"I miss the preparation of the mind, getting mentally focused for the race on Sunday," recalls three-time 500cc World Champion Wayne Rainey. Here he concentrates on prerace strategy before the '90 Japanese GP.
When three-time 500cc World Champion Wayne Rainey's brilliant career ended in 1993 he jumped into team management, forming a Yamaha satellite team the following year-too soon, he would later admit. He managed the team through 1998 and later raced go-karts. But it was no substitute for being at the pinnacle of motorcycle racing. And it wasn't the physical sensation of racing, the speed or the absolute exhaustion from exertion.
"I guess I miss the preparation of the mind, getting mentally focused for the race on Sunday," he says. "I really miss that." Spencer concurs: "I liked the preparation." And Mick Doohan, who along with Kevin Schwantz and Rainey defined one of the greatest generations of racing, agrees. "I think that's what it was all about. Riding a bike was just what you did.
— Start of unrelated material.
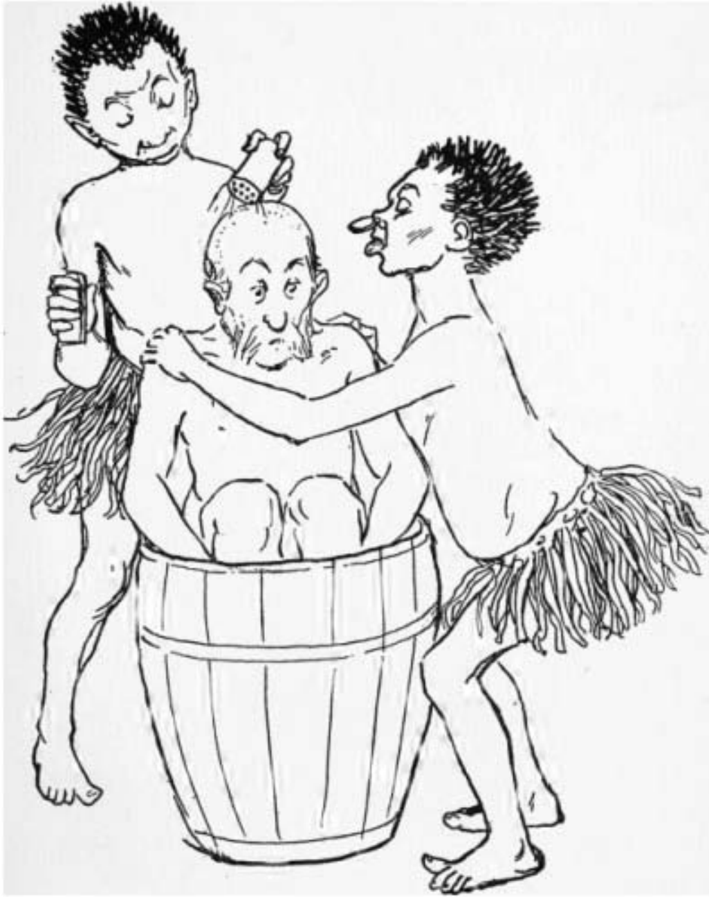
"Two Savages Floured Him Before Putting Him To The Fire."

Boldheart now took counsel with his officers on the course to be adopted. In the mean time, the miserable captive never ceased begging pardon and imploring to be delivered. On the generous Boldheart's proposal, it was at length resolved that he should not be cooked, but should be allowed to remain raw, on two conditions. Namely,
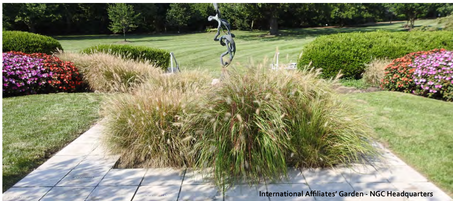
International Affiliates' Garden - NGC Headquarters

It was a lot of fun. But when you look back, you took a lot of things for granted when you were doing that. Some of the things were a pain in the ass like anything in any life. But you look back on it and it was all good and you wouldn't have done anything different."
"I liked going on the starting line and ready to race the guys that I needed to beat and looking forward to being able to exert myself in a way that gave me everything," Rainey recalls. "I loved the competition of pushing myself and trying to go out there and be the fast guy no matter what situation we were in. It was the feeling you could get by riding the bike at a certain limit that you could not find in life anywhere else. That was such a satisfying feeling. And once you did that and you had success and you could win-and you could do it week in and week out-that was something that, obviously, it's something that's very difficult for me to explain, because I haven't had to think about it for such a long time.

"Riding a bike was just what you did. It was a lot of fun," remembers multitime World Champion Mick Doohan, shown here chatting with fellow multitime World Champion Wayne Rainey. "But when you look back, you took a lot of things for granted when you were doing that."
"Once in a while I'll just be driving down the road and I'll have a feeling or a memory of a race, and I can go right to that moment and I'll really miss it at that point," Rainey continues. "But it's something that doesn't happen much to me anymore as it once did. I think every year it's probably a bit less. There was a feeling I could get on the bike that I could get nowhere else that was more of a personal thing with the performance you could get out of yourself. And you always didn't know what the outcome was going to be. You didn't know what was going to happen. And making it happen as it was going on. It was a great thing."
As consumed as Rainey was by racing, his public demeanor didn't greatly suffer. He might have seemed distant, but it was only because he was thinking of the next session, the next race, the next test. Not so for Doohan. The Australian, who was cautiously quiet when he arrived in Grand Prix racing, became increasingly prickly as his career progressed. In the time since he was forced to retire following a horrific crash at Jerez in 1999 the five-time 500cc World Champion has mellowed. Journalists who once feared his wrath now find him approachable and, as always, knowledgeable.
"When you're doing it, it's all-consuming; you don't think about anything else," Doo-han says. "You don't think there's anything outside of it. But the more you're away from it, it's a bit like life in general, isn't it?